▸ Exercise prompt
What is needed is a faithful transcription of all the data below, pictures excluded.

▸ Provided data
----------

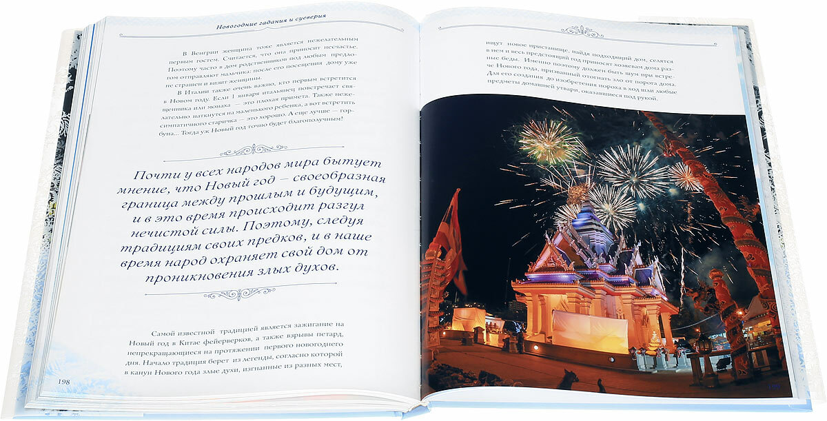 Книга очень красивая и интересная. Читается она быстро и легко. В книге описываются новогодние традиции разных стран мира. Например, было очень интересно узнать как встречают Новый год в разных частях света. Тибет, Афганистан, Япония, Индия, новый год по персидскому календарю, Бирма, Лаос, Эфиопия. Рассказано о Дедах Морозах разных стран, Новогодние приметы и суеверия, традиции в дарении подарков и новогодней одежде. Рассказано также о блюдах, которые должны быть на новогоднем столе в разных странах-Франции, Великобритании, Голландии, Австрии, Германии, Венгрии и др. Например во многих странах нельзя ставить блюда из птицы: считается, что с ней улетит счастье. Из книги узнала, что традиция дарения подарков пришла к нам из Древнего Рима, где дарили ветви из лавра, символизирующие счастье и удачу. Советую эту книгу всем, кто любит этот замечательный праздник хочет знать о нем все.
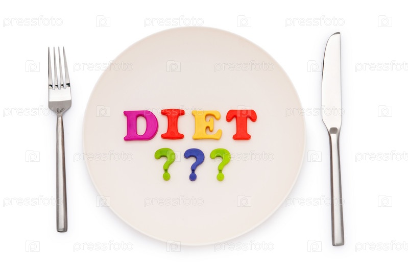 Надпись 'диета' на тарелке, вилке и ноже
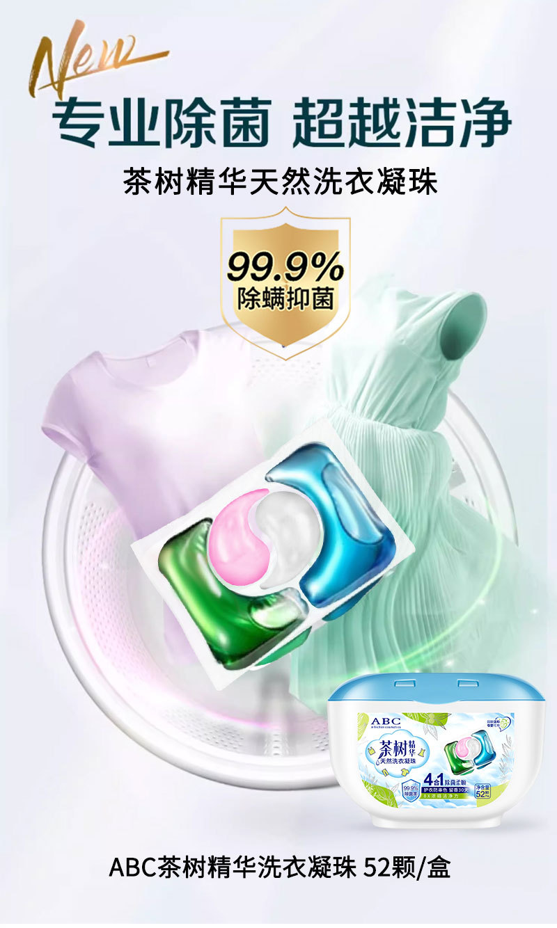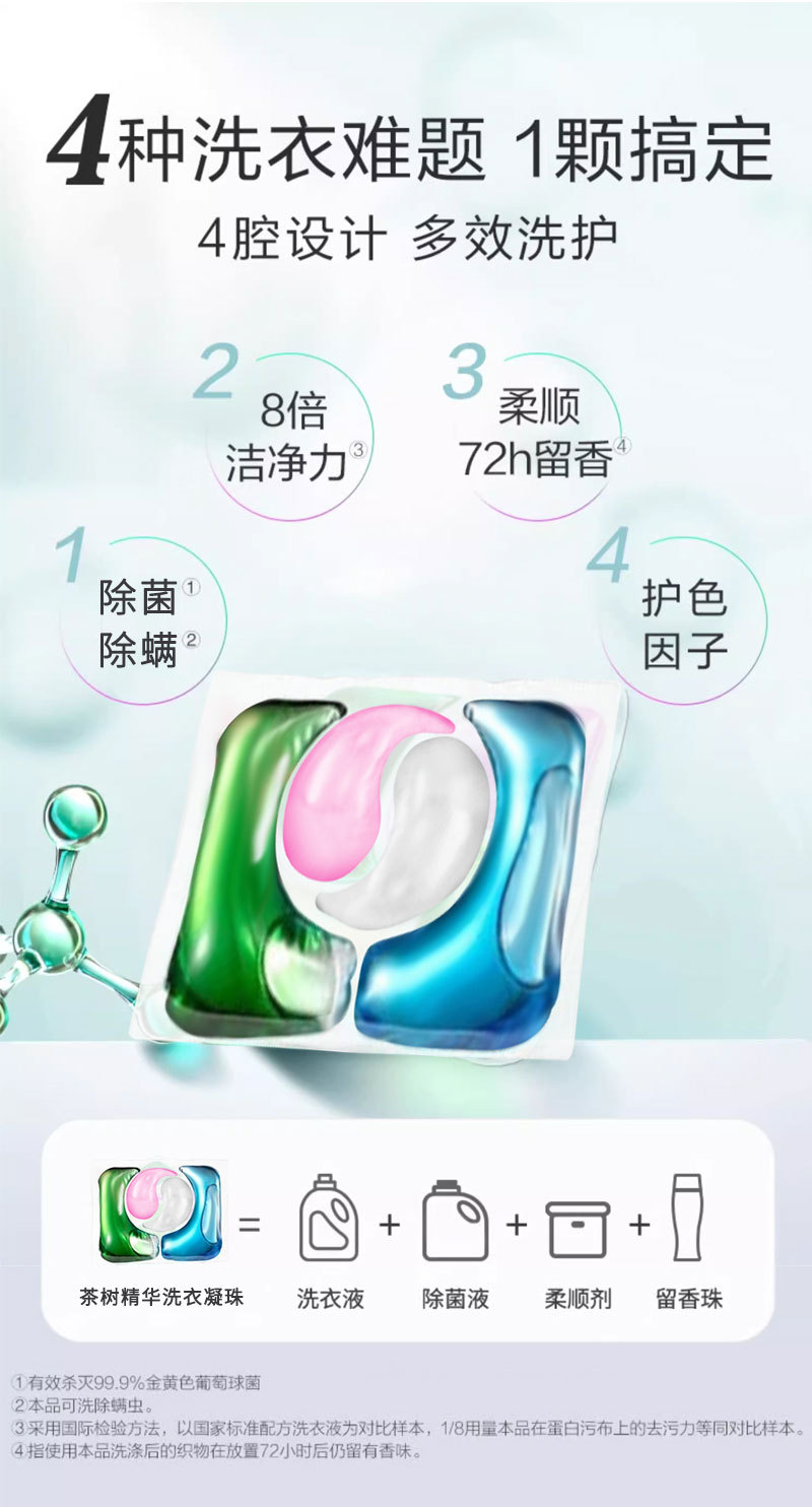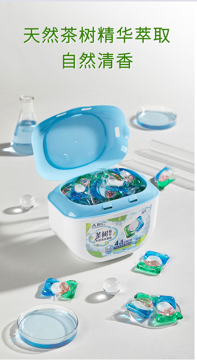 【AIBICHEN 茶树精华洗衣凝珠】4效合一 30S速溶 专业配方 快速分解去污渍 抑菌 除螨 柔顺 护色 柔软 持久留香

----------

▸ Result of the task
 Книга очень красивая и интересная. Читается она быстро и легко. В книге описываются новогодние традиции разных стран мира. Например, было очень интересно узнать как встречают Новый год в разных частях света. Тибет, Афганистан, Япония, Индия, новый год по персидскому календарю, Бирма, Лаос, Эфиопия. Рассказано о Дедах Морозах разных стран, Новогодние приметы и суеверия, традиции в дарении подарков и новогодней одежде. Рассказано также о блюдах, которые должны быть на новогоднем столе в разных странах-Франции, Великобритании, Голландии, Австрии, Германии, Венгрии и др. Например во многих странах нельзя ставить блюда из птицы: считается, что с ней улетит счастье. Из книги узнала, что традиция дарения подарков пришла к нам из Древнего Рима, где дарили ветви из лавра, символизирующие счастье и удачу. Советую эту книгу всем, кто любит этот замечательный праздник хочет знать о нем все.
 Надпись 'диета' на тарелке, вилке и ноже
 【AIBICHEN 茶树精华洗衣凝珠】4效合一 30S速溶 专业配方 快速分解去污渍 抑菌 除螨 柔顺 护色 柔软 持久留香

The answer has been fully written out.